Dataset records
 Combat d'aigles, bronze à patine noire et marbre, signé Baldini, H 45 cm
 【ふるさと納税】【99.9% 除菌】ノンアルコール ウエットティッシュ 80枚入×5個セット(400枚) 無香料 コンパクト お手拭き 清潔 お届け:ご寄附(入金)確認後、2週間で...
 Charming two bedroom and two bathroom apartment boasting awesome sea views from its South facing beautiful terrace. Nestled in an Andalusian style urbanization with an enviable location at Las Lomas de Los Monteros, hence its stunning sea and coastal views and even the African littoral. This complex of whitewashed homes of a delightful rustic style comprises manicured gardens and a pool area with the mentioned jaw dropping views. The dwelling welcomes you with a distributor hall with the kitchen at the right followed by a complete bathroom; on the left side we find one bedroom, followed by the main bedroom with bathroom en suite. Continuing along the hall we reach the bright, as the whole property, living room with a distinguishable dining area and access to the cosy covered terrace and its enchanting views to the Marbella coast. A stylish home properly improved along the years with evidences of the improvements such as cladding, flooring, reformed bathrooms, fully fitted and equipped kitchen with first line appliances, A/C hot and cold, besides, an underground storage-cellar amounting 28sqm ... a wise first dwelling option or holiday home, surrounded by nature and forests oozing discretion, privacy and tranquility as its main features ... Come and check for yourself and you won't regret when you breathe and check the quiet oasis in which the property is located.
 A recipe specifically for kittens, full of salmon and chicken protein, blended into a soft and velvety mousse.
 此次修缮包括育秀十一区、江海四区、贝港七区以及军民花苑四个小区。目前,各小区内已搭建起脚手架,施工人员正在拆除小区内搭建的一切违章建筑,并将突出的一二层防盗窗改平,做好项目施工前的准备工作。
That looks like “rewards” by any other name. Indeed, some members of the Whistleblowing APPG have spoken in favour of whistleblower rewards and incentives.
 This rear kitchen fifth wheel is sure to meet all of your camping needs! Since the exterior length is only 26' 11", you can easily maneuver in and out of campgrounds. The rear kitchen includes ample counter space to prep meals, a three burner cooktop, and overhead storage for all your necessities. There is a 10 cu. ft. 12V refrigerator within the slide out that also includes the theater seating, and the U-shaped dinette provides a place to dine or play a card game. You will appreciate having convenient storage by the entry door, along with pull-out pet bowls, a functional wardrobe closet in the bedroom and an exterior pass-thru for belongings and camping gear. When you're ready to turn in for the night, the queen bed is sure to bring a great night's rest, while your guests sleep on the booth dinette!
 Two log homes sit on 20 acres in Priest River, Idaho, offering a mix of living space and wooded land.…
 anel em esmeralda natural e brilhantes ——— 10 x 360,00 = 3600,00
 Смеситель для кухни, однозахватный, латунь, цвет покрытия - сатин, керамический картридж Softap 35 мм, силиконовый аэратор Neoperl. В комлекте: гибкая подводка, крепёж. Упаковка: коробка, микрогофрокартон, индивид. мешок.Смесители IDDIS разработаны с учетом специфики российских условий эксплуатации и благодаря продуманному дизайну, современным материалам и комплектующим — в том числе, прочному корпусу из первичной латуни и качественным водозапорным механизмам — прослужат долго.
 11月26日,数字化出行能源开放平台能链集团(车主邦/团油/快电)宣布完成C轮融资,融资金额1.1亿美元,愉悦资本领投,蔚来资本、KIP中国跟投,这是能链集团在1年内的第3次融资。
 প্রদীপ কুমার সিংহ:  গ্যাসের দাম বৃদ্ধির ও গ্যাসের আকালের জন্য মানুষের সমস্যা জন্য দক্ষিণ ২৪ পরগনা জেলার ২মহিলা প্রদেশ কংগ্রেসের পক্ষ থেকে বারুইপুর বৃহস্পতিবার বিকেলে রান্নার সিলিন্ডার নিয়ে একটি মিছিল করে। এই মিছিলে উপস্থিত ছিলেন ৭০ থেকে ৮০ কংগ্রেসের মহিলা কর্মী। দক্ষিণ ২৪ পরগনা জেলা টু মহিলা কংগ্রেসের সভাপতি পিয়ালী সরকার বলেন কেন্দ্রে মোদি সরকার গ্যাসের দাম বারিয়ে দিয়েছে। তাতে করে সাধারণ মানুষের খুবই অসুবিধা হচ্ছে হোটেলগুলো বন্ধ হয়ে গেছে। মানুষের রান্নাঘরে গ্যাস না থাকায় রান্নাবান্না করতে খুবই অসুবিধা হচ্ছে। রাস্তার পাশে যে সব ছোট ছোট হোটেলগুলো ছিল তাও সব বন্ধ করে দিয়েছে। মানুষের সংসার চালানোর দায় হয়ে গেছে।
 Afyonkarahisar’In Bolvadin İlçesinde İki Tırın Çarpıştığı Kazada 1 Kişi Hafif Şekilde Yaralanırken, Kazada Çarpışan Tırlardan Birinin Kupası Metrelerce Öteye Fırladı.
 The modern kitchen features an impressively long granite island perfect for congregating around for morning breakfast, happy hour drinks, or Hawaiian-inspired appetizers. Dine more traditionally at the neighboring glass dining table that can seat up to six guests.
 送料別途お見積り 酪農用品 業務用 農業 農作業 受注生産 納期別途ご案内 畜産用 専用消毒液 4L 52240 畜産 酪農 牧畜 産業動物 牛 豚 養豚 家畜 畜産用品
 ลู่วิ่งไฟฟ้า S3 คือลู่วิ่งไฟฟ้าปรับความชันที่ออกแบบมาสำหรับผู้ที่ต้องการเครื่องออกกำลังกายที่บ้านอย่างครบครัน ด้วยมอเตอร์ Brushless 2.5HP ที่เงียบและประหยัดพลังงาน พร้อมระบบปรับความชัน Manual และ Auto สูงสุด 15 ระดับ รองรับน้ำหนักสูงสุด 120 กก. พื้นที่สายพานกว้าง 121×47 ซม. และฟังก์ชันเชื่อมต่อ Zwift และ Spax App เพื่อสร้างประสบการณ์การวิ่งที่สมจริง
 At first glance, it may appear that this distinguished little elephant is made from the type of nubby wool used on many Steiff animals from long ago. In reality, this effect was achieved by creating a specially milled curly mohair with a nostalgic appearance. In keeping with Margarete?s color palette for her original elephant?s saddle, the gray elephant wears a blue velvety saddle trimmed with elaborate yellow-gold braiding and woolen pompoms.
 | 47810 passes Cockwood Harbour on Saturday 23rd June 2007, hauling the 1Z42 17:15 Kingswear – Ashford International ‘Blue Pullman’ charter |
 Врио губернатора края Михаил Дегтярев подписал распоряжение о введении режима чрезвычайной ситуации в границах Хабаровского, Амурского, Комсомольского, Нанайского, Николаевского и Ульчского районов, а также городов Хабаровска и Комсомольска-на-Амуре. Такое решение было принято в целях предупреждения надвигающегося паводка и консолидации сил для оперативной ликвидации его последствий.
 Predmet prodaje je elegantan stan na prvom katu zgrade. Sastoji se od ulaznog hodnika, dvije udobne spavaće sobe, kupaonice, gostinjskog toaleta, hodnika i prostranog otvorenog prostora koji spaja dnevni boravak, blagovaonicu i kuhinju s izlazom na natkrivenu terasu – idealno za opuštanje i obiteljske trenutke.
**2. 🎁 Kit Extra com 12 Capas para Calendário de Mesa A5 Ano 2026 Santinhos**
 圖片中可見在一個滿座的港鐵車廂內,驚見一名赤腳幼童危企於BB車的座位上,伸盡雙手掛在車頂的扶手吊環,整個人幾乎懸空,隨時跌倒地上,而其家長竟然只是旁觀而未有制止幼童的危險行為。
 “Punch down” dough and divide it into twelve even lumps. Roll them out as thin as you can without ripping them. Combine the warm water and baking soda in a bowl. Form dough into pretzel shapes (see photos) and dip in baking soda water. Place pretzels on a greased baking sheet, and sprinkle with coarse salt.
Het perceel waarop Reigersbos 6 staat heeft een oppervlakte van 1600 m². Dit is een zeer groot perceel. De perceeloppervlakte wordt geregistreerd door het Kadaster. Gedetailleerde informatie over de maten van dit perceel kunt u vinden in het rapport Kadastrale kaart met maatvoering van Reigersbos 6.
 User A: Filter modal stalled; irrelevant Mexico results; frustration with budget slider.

Task details
The lines of the data, from the first through the one containing "お手拭き 清潔 お届け:ご寄附(入金)確認後、2週間で...", are to be transcribed exactly.

Written response
 Combat d'aigles, bronze à patine noire et marbre, signé Baldini, H 45 cm
 【ふるさと納税】【99.9% 除菌】ノンアルコール ウエットティッシュ 80枚入×5個セット(400枚) 無香料 コンパクト お手拭き 清潔 お届け:ご寄附(入金)確認後、2週間で...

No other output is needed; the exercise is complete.